We have chrony 3.2 clients on 5 sites, each synchronised with 3 sources :
- Source 1 : An high performance asic-based ntp server with server-side hw timestamping
- Source 2 : A 'backup' software-based ntp server
- Source 3 : A (shitty) linux ntpd
Source 1 & 2 are from a stratum 1 time server deployed on each site.
All our client run on a recent kernel and have nics that have at least TX hw timestamping features,
timestamping
should be at least hardware/kernel. In this mode, peer delay is around 12us normally with source 1 (only 1 switch between the clients and the timeserver)

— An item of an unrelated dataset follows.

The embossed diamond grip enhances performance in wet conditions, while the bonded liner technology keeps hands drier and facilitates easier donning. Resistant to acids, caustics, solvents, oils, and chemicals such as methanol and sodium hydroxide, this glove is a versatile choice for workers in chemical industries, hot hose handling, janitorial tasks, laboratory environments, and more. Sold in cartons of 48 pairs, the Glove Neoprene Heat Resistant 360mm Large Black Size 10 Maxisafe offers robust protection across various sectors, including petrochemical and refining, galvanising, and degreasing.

I recently investigated some server on a site that struggle to use HW timestamp and spend most of their time in deamon/deamon mode instead of hardware/kernel. The weird part is that it occurs only with source 1, the client kernels are stable with hw/kernel on the less acurate sources.

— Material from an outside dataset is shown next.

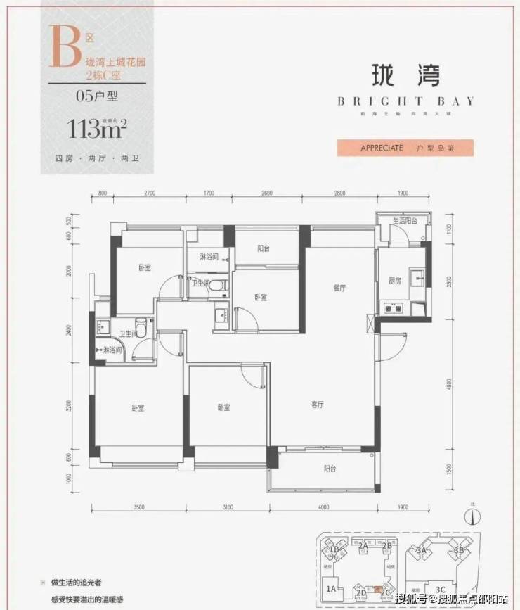 建筑面积约113㎡四房两厅两卫,稀缺南北通透,三阳台设计,约4米阔景大阳台。

Turns out I have this problem only with my high performance source, the 'slower' sources being fine.
Running chrony in debug mode i have messages such as
2018-01-26T16:46:26Z sys_linux.c:755:(get_precise_phc_sample) ioctl(PTP_SYS_OFFSET_PRECISE) failed : Operation not supported
2018-01-26T16:46:26Z hwclock.c:171:(HCL_AccumulateSample) HW clock needs more samples
2018-01-26T16:46:26Z ntp_io_linux.c:653:(NIO_Linux_ProcessMessage) Received 90 (48) bytes from error queue for
10.214.16.11:123 fd=13 if=2 tss=0
2018-01-26T16:46:26Z ntp_io_linux.c:665:(NIO_Linux_ProcessMessage) Missing TX timestamp
I tried to run chrony in debug mode in another site where I have no problems to compare the logs, but when i run chronyd as root (debug mode or not) with the exact same command that systemd launches it, then I have the exact same problem (timestamp reported deamon/deamon with source 1 and fine with the others)